VMware Cloud Community
kiddx
Contributor
Contributor

Problems with HA/DRS hanging VM's

We have a test lab that was on ESX4.1 with vsphere, running 5 servers and a Nexenta SAN (just a test dev lab)

We recently upgraded to ESX5i and Vcenter 5, by shutting all VM's down, doing a complete uninstall re-install of vcenter4, and then each server to esxi5.

Since we have done this we often end up with vm's stuck in no man's land when we migrate manually , or put a server in maintenance mode etc. They get to @ 66% and then we start getting all kind of iscsi errors. What ends up happening is the vm gets to a point where its migrating off server1 and not showing up in server2. I end up with a server that is unresponsive, you right click on it and everything is greyed out. After waiting for an hour the vm never comes back. We end up having to remove HA across the board which seems to free it up,  I imagine I might be able to restart management network on the boxes, but I havent tried that yet.

This seems to happen consistently, and we feel at this point its pretty unreliable for us. This could be an issue with Nexenta (3.1) and esx5 but we aren't 100% sure that the errors we are seeing are actually a problem with the SAN or not.

2011-09-26T20:47:20.322Z cpu3:2051)ScsiDeviceIO: 2316: Cmd(0x4124007ab2c0) 0x1a, CmdSN 0x2bc6d to dev "mpx.vmhba0:C0:T1:L0" failed H:0x0 D:0x2 P:0x0 Valid sense data: 0x5 0x20 0x0

Also seeing stuff like State in Doubt , request fast path state update, but only during the migration times.

0 Kudos
2 Replies
ashleyw
Enthusiast
Enthusiast

We were having stability issues with NexentaStor CE/vSphere5, and we found out that specific patches were implemented earlier this week (comstar and others). I don't know which release you are on, but check you are on 3.1.1 and fully patched with "setup appliance upgrade" - the versions/build of CE 3.1.1 which seem to be reliable for us (so far) under CIFS and iscsi are; NMS Version:3.1.1-6584 (r9461),NMC Version:3.1.1-6622 (r9469),NMV Version:3.1.1-6608 (r9456),OS Version:3.1.1.

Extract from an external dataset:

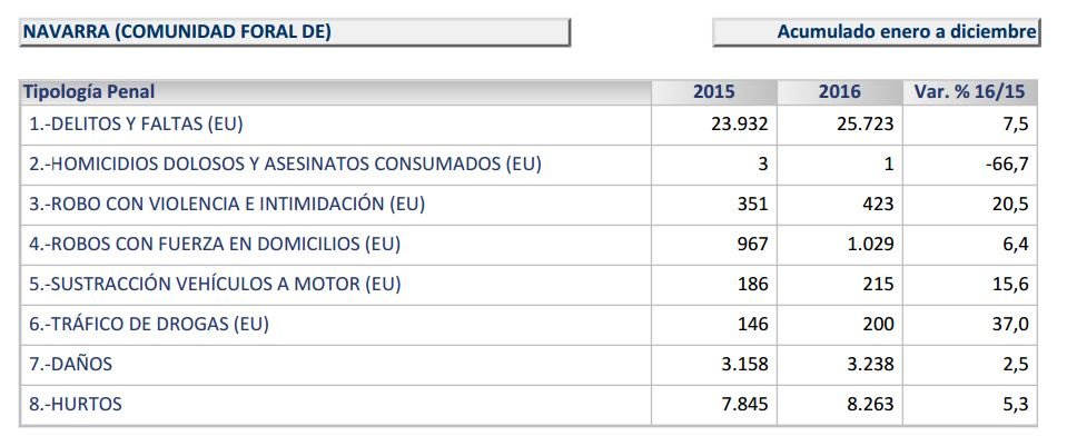 En cuanto a Navarra, la criminalidad aumentó un 7,5 % en relación al anterior año, convirtiéndose en la mayor subida de toda España a pesar de ser uno de los lugares en los que menos faltas y delitos. Respecto a los delitos cometidos, todas las categorías experimentan un crecimiento, a excepción del homicidio o el asesinato, que pasó de 3 en 2015 a 1 en el pasado año.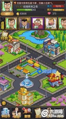 主地图上还有电影院(降对手攻击力)、足球场(降对手防御力)、健身房(提升侦探攻击力)、图书馆(提升侦探防御力)四个建筑,进入后可以使用金币或者钻石开启限时BUFF,在2小时内有效。

Even after this you'll probably see the same issue others (and myself) are seeing on multiple different SANs - long boot times on the ESX5i hosts - all seems to be related when attaching to IP based storage (particualrly iscsi) under vsphere5.

0 Kudos
kiddx
Contributor
Contributor

Thanks we have a scheduled upgrade of both nexenta units and the latest esx patches this week. Hopefully this solves our issues

0 Kudos